Subject: Re: 32/64 sign-extension bug in TCP
To: Darren Reed <avalon@caligula.anu.edu.au>
From: Chuck Silvers <chuq@chuq.com>
List: tech-net
Date: 05/04/2004 18:28:49
On Tue, May 04, 2004 at 07:33:45PM +1000, Darren Reed wrote:
> 
> Chuck,
> 
> If you (or someone else) embarks on a "int32_t" style change throughout
> TCP, is it worth considering using the "tcp_seq" more or creating a
> signed version of it to use, instead of just "int32_t" ?
> 
> I am am 'tyre kicking' (tm lukem) here, so feel free to refuse if you
> think this is not going to provide much additional benefit :)

I think using types that indicate the usage of the value is good thing.
for instance, I recommended against converting all the ufs_lbn_t and
ufs_daddr_t stuff to plain daddr_t, since the extra types gave more
information (in that case, it was the units of the value and whether
the value was a logical offset within a file or a physical offset on disk).
those got removed anyway though.

I don't really know enough about the TCP code to come up with similarly
informative types, but if someone else does, that would be useful.

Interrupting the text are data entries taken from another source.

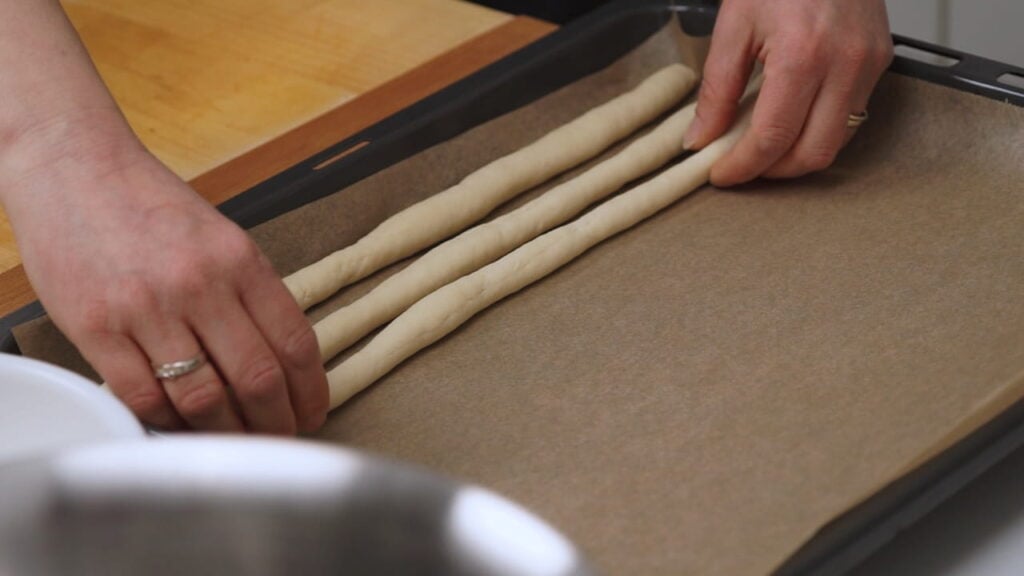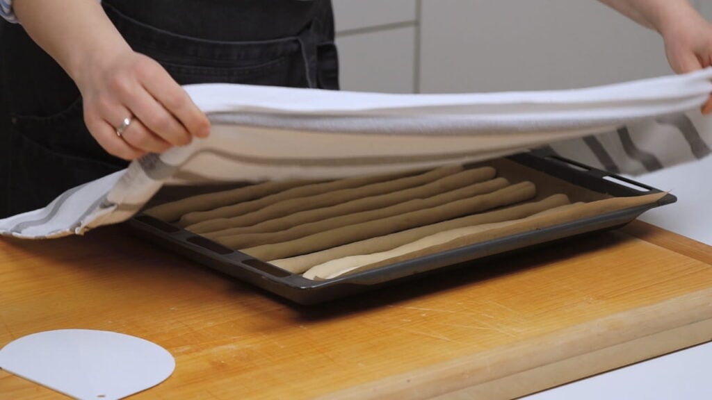- Formirane valjke tijesta slagati u veliki lim za pečenje preko papira za pečenje. Pokriti krpom i ostaviti na toplom 30 min da naraste.
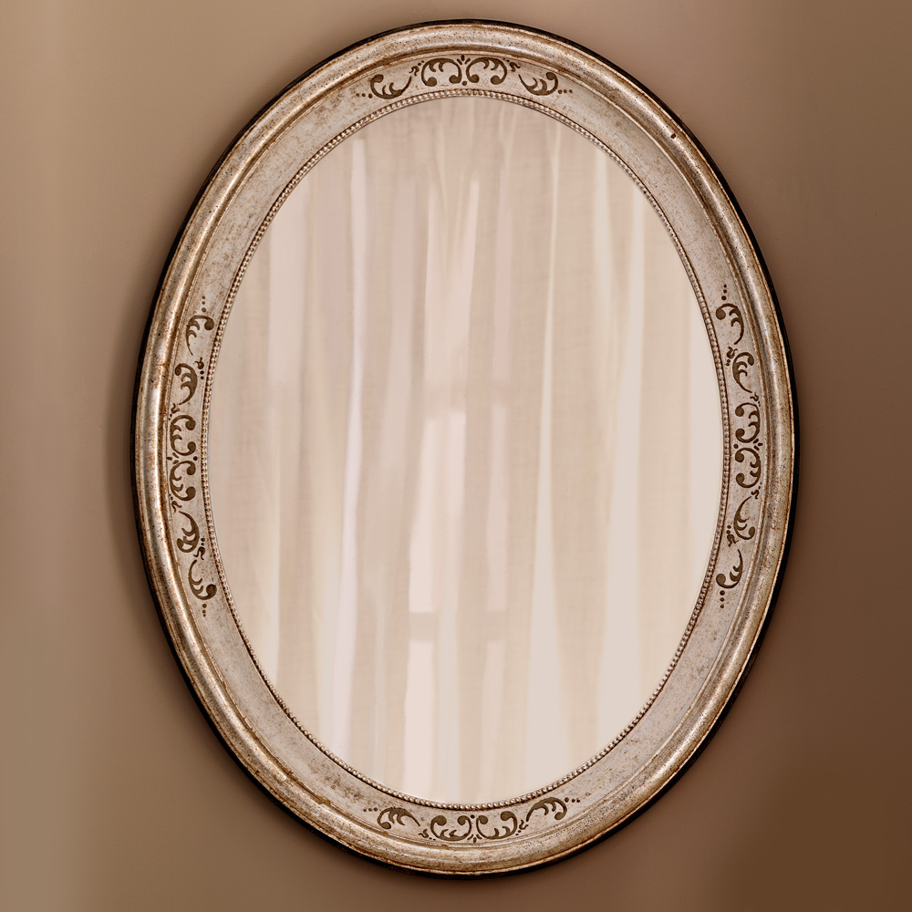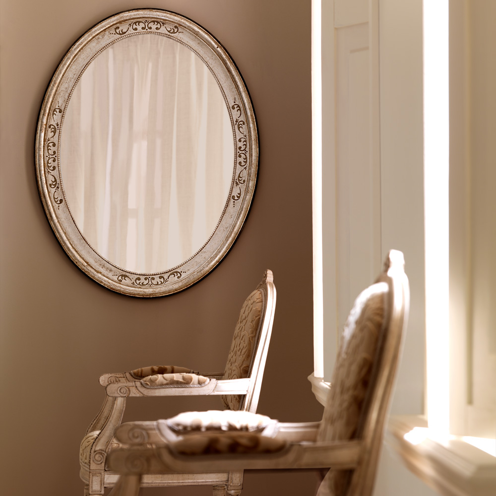 Handpainted Silver Italian Oval Mirror. A statement piece for any wall in the house, striking in any setting. Over a roaring fireplace, on a bedroom wall or inviting in a hallway. Truly versatile. Can be hung horizontally or vertically for two completely different effects. In a fresh white finish with a hand painted pattern and champagne silver antiqued detail to the frame and delicate beading. Height 110 cm x width 86 cm. Alternative sizes, frame colours and finishes are available. Prices vary. Made to highest standards. Please allow 12 weeks for dispatch.
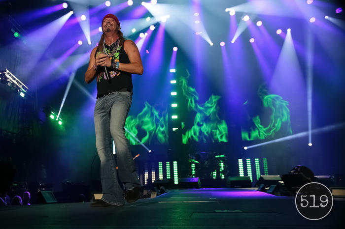 Their shorter set was to the point with hits like opener Look What The Cat Dragged In, Talk Dirty to Me, Your Mama Don’t Dance, the ballad Every Rose Has Its Thorn and the show ender Nothin’ But A Good Time. And with Poison it was most certainly a good time. Singer Bret Michaels was loaded with passion and seemed genuinely thrilled to be in front of the large crowd – “This has been two years in the making to get here,” he said before they launched into the 1990 single Ride The Wind from their huge album Flesh & Blood.

it's be really neat if there was a way to get the compiler (or lint) to
treat different typedefs as incompatible types even if they map to the
same underlying type.  that way we could catch subtle bugs like a value
in units of sectors is used in a context where the value is expect to have
units of fs blocks.  or it could catch confusion between vaddr_t and paddr_t.
I haven't heard of anything that does that though.